Start of Supplied information
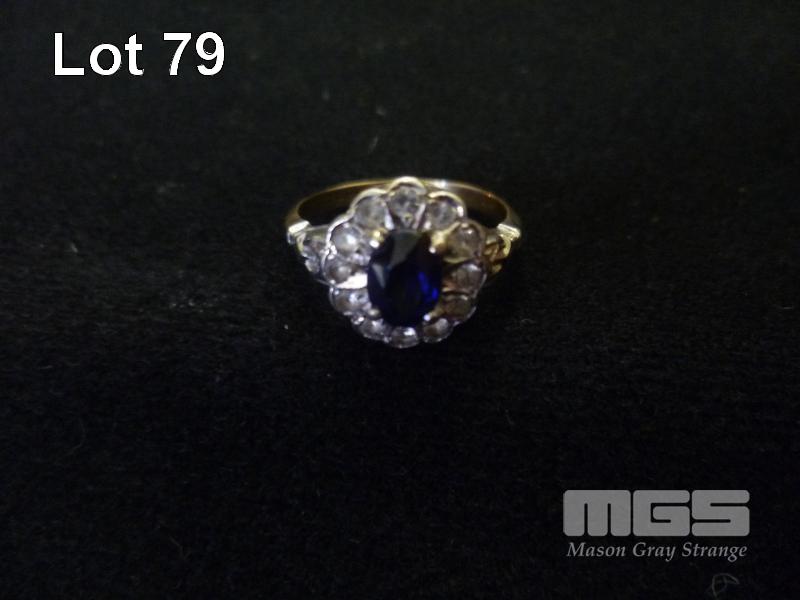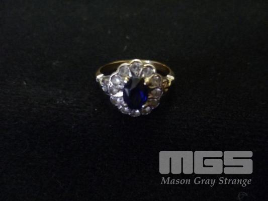GOLD RING, SET WITH LARGE SAPPHIRE & SMALL CLEAR STONES, MARKED 9ct, 3.5g
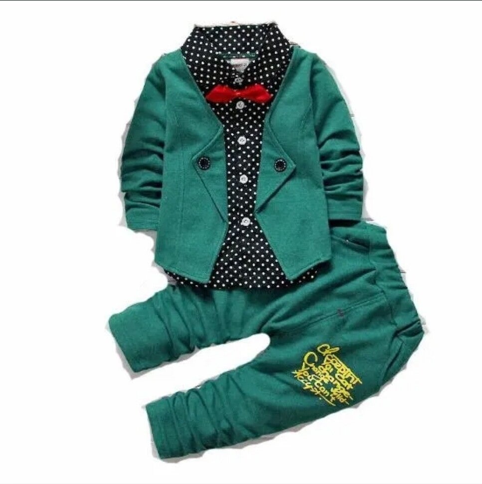 Outfit voor jongens 1 tot 2 jaar kleur Groen boven kleding en onder kleding in deze set.
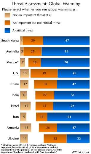 Speaking of new survey data, released today is the latest in a series of cross-national comparisons conducted by the Chicago Council on Foreign Relations. The countries captured in this latest survey include the U.S., Australia, China, India Israel, and several developing countries. Western European countries, where there is very strong public support for action on climate change, are not included in the poll.
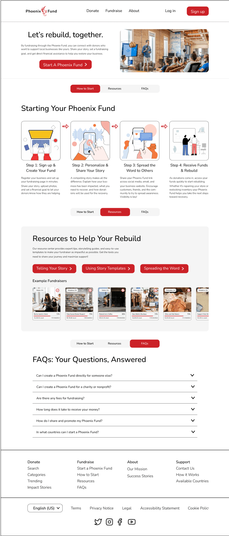 By placing a prominent "Start a Phoenix Fund" CTA on the landing page, any confusion about where a business owner should go to start fundraising is now removed. Minimizing decision fatigue ensures the users’ experience is intuitive, boosting engagement and satisfaction.
End of Supplied information
• Work order: Would you write out the data exactly, with no pictures in the copy?

• Worked solution:
GOLD RING, SET WITH LARGE SAPPHIRE & SMALL CLEAR STONES, MARKED 9ct, 3.5g
 Outfit voor jongens 1 tot 2 jaar kleur Groen boven kleding en onder kleding in deze set.
 Speaking of new survey data, released today is the latest in a series of cross-national comparisons conducted by the Chicago Council on Foreign Relations. The countries captured in this latest survey include the U.S., Australia, China, India Israel, and several developing countries. Western European countries, where there is very strong public support for action on climate change, are not included in the poll.
 By placing a prominent "Start a Phoenix Fund" CTA on the landing page, any confusion about where a business owner should go to start fundraising is now removed. Minimizing decision fatigue ensures the users’ experience is intuitive, boosting engagement and satisfaction.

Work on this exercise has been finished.